Pulled by conflicting attitudes

• We’ve got to watch costs. . . . I can’t be bothered to review the financials.

• Low margins are killing us. . . . I can’t bring myself to raise prices.

• I’ve got to take more time away from the business. . . . I can’t leave my managers alone. I can’t totally trust them.

• I need more skilled employees. . . . I’m afraid I’ll just train my own competition. I’m afraid I won’t have enough work to keep them busy.

• I need more sales. . . . Marketing scares me. I wish customers would just come.

• I get so tangled up in day-to-day operations that I lose sight of my vision. . . . I doubt the value of having a plan.

• I want to ease up and work fewer hours. . . . I can’t change my belief that hard work is necessary.

If you are nodding your head, “Yep, that’s me!” for any of these, you’re not alone. Crazy makers like these bog down many entrepreneurs.

This is the theme of my new ebook, “The Inner Game of Growth,” which shows you how to resolve these crazy makers.

I also offer you a freebie phone session on how to tackle contradictory attitudes like this using two simple tools. Just call me, 415-491-1896.

April 10, 2012

To Thrive, Banish Doom and Gloom

“I let myself get discouraged by telling and retelling the same old story of woe about how bad things were. This was killing the business. During the plan workshop, I wrote it all out in excruciating detail, took one last look and then tore it up in little pieces. Now the slate is clean for the coming year. From now on, I’m talking about how we’re laying the groundwork for recovery.”

You do the same. And don’t hang with doom and gloomers; stick with the problem solvers.

“The last two years have been humbling. I saw how arrogant I’d been. We assumed that growth would just keep going. But when the phone stopped ringing, we had to relearn Marketing 101. For example, setting targets for number of new clients, and tactics how to bring them in. We should have been doing this all along.”

This is one of the lessons in How to Thrive in Tough Times—Lessons From Small Business Owners–my newest ebook, just posted on Amazon for Kindle, iPad, etc. for $2.99.

November 29, 2011

Business growth dilemma #3: Grow profit while you keep personal touch

Many businesses lose their personal touch as they grow. This is the classic struggle between “corporate bean counters”—profitable and impersonal, and “mom and pop”–small and happy but poor and hard working.

We know that growth and profitability spring from good systems and procedures. The things you used to make up as you go along, you must now do by the book. Everything you do must make the numbers. Alas, the personal touch that customers love seems threatened.

So how can you retain your personal touch while improving efficiency, productivity—and profitability?

It requires a shift in attitude.

The owner of a retail store said to me, “My employees—and me also—used to resist all these systems and procedures. We wanted to serve each customer in our individual way. But we found that systematizing the routine things allowed us to be more creative and personal with customers. And customers loved the consistency and predictability in our operations.”

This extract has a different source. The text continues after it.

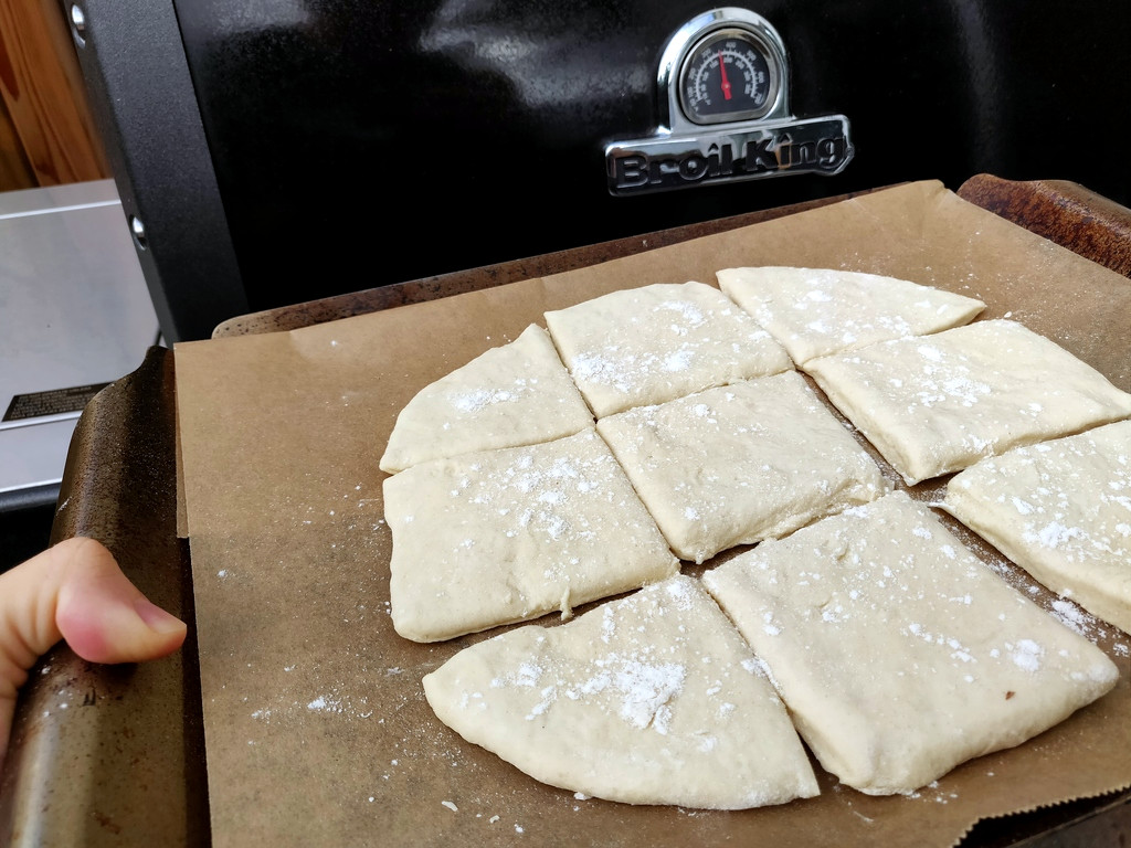 Den fertigen Teig gebe ich jetzt auf mein gelochtes Grillblech, das ich mit Backpapier ausgelegt habe. Mit einem Teigschaber zerteile ich den Teig in neun Brötchen, die lose nebeneinander liegen. Die Teiglinge benetze ich noch mit etwas Wasser und bestreue sie mit dem übrig gebliebenen Weizenmehl von der Arbeitsfläche.

Another owner said, “My business is an expression of my soul. So if I wasn’t there all the time, the business suffered. So I was chained to the business. To launch a second location, I had to find a way to ‘bottle my soul’ and train others to run things by my values and standards. And they still have to make their numbers!”

You must turn your viewpoint around, and view systems and procedures as a way to maintain your personal touch rather than overwhelming it.

This is a major theme in my “Top 3 Barriers to Small Business Growth—and how to overcome them” program.

October 8, 2011

Business Growth Dilemma #1–Doing Paid Work and Developing New Work

Filed under: Growth Management,Overcome growth barriers — Tags: , , — Mike Van Horn @ 4:32 pm

When we’ve got lots of work, we don’t have time to market. Then the work ends, and we have to start marketing to find another big project.

This is a classic entrepreneur’s dilemma, and it can lead to the dreaded boom and bust cycle. However, a mistaken assumption lies beneath this—that we don’t have time to do both customer work and business development.

When I question owners about where they spend their time, I usually discover a third category of activity—“minutiae” —that takes an inordinate amount of their time. Yet these routine admin tasks are the easiest to hand off to someone else. Once we do this, then we often have time for doing the work and the business development.

Some people enjoy one and resist the other. Love doing the work, hate doing the marketing. Or vice versa. So, you bury yourself in the work so that you can plausibly claim that you have no time for marketing.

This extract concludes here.